Democratic Wisconsin Gov. Tony Evers issued a one-word response to the charges on Tuesday: “Good.”
Chesebro has been assisting investigators in at least four states, including Wisconsin, in the fake electors scheme. Chesebro’s lawyers had hoped that his cooperation would be sufficient to stave off charges, but it seems the felonies keep piling up.
Last year, the 10 fake electors from Wisconsin disavowed their attempt to overturn Trump’s defeat in 2020, recognized the legitimacy of President Joe Biden’s victory, and pledged not to serve as real electors in 2024 or any election when Trump is on the ballot – or to act as sham electors in any future election, as part of a civil lawsuit settlement.
The 10 fake electors issued a statement acknowledging that the phony certificates they signed in December 2020 were “used as part of an attempt to improperly overturn” the lawful election results.
“We hereby reaffirm that Joseph R. Biden, Jr. won the 2020 presidential election and that we were not the duly elected presidential electors for the State of Wisconsin for the 2020 presidential election,” a portion of their statement said. “We oppose any attempt to undermine the public’s faith in the ultimate results of the 2020 presidential election.”
Chesebro was previously charged, and pleaded guilty, in the Georgia probe. He has also been identified as an unindicted co-conspirator in the Arizona state-level criminal probe focused on efforts to overturn the 2020 election and in special counsel Jack Smith’s federal election case against Trump.
Roman was charged in both the Georgia and Arizona cases. Troupis has not been charged in any other criminal cases stemming from the 2020 election, but evidence has emerged in connection with the fake electors plot in Wisconsin and other key battleground states.
A tranche of emails and text messages made public as a result of a lawsuit earlier this year offered additional evidence that Chesebro pushed for the electors plot to move forward regardless of whether Trump won any lawsuits challenging the election results. This undercut his testimony to state prosecutors, in which he said the fake electors were contingent on winning the litigation.

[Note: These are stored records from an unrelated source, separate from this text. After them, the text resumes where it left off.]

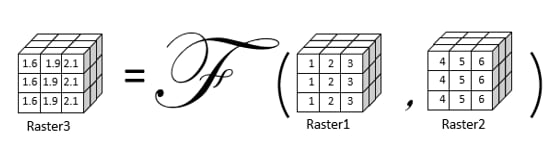 Map algebra is used as a general language in ArcGIS for processing and analyzing 2D rasters. Climate data has a third dimension (time), and some has an additional fourth dimension such as depth or height. The multidimensional Map Algebra capability makes analyzing climate data, or any scientific data, easier. The operators that you normally use for math, such as 3 = 1 + 2, can be used with 2D rasters, and these operators have also been enhanced to support multidimensional rasters.
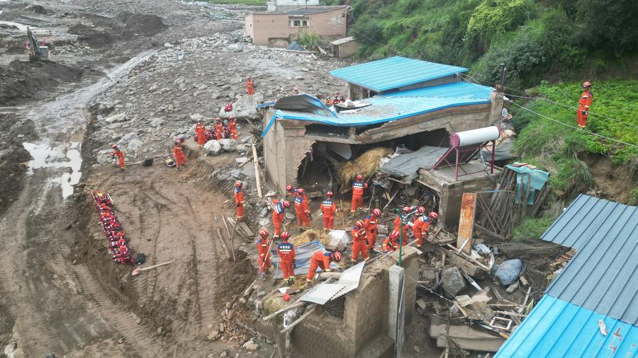 Photo prise par un drone montrant des sauveteurs recherchant les personnes disparues dans le village de Jiuzhuanggou à Yuzhong, district de la province chinoise du Gansu (nord-ouest), le 10 août 2025.(Photo : Dang Ruilin)Des sauveteurs recherchent les personnes disparues dans le village de Xinglongshan à Yuzhong, district de la province chinoise du Gansu (nord-ouest), le 10 août 2025.(Photo : Bai Qiyuan)Des sauveteurs recherchent les personnes disparues dans le bourg de Mapo, à Yuzhong, district de la province chinoise du Gansu (nord-ouest), le 10 août 2025.(Photo : Bai Qiyuan)■
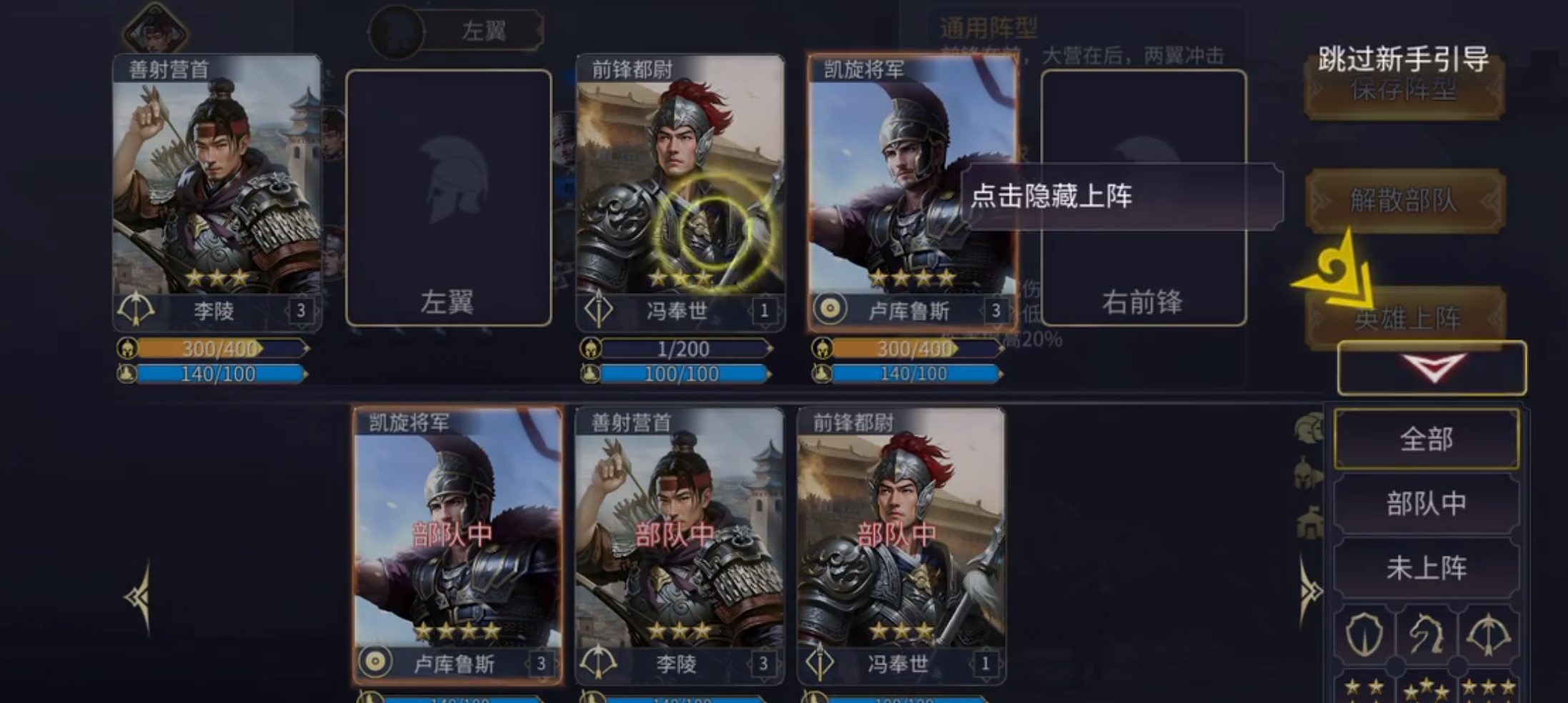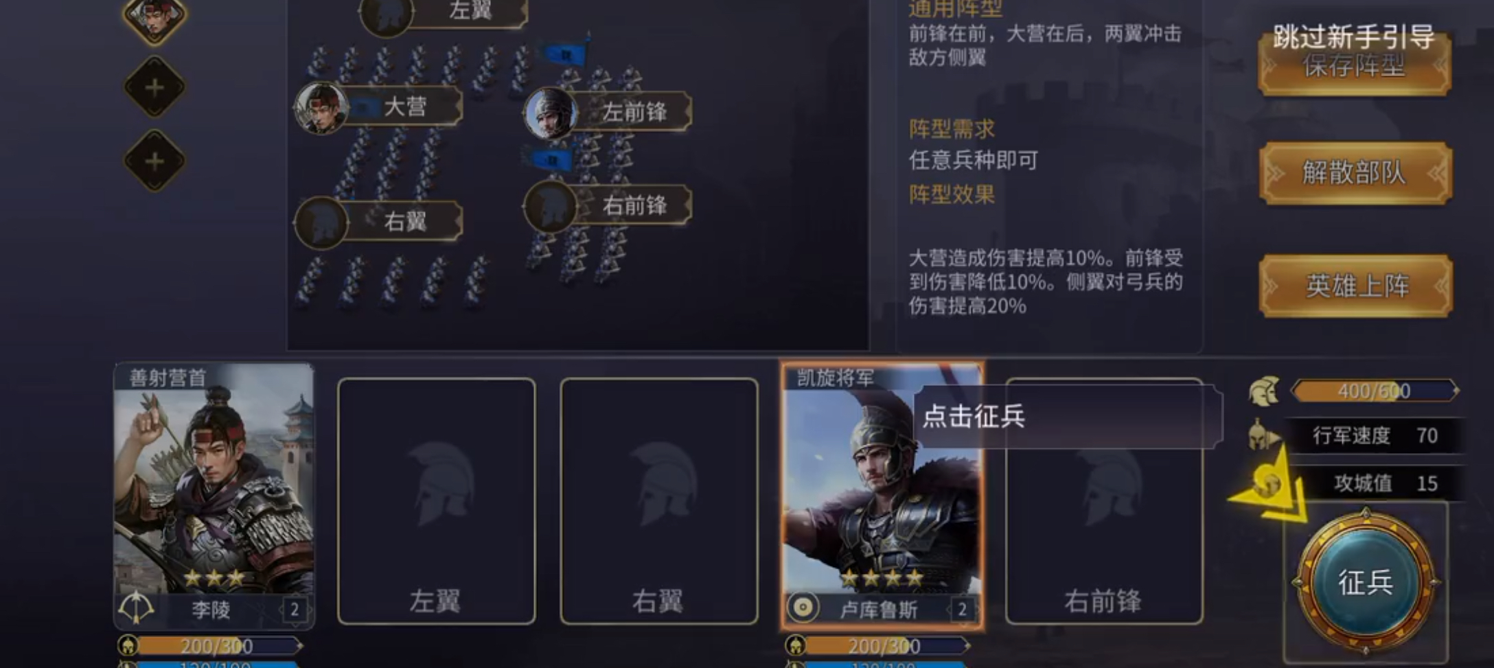 第一个推荐的就是连弩兵,比较适合用于前期开荒,作战能力强。推荐英雄有五星女皇,六星秦始皇和汉高祖。

Chesebro wrote a series of memos in 2020 spelling out what the pro-Trump electors should do in their respective states, including one memo in early December that Troupis claimed he sent directly to the White House, according to the newly released messages.
Charging documents released Tuesday lean heavily on the communications.
Prosecutors cite text messages detailing how Chesebro, Troupis, and Roman were involved in a last-minute scramble to fly the fake elector documents from Wisconsin and Michigan to Washington, DC, in the immediate lead-up to January 6, 2021.
The goal, according to those messages, was to hand-deliver the fake elector certificates to then-Vice President Mike Pence, which is vaguely referenced in Smith’s federal indictment.
Chesebro discussed the episode with Wisconsin investigators when he sat for an interview as part of the attorney general’s probe into the fake electors plot.
Wisconsin prosecutors asked about the episode “extensively,” a source familiar with the matter said at the time, noting Chesebro discussed how a Wisconsin GOP staffer flew the certificate from Milwaukee to Washington and then handed it off to Chesebro.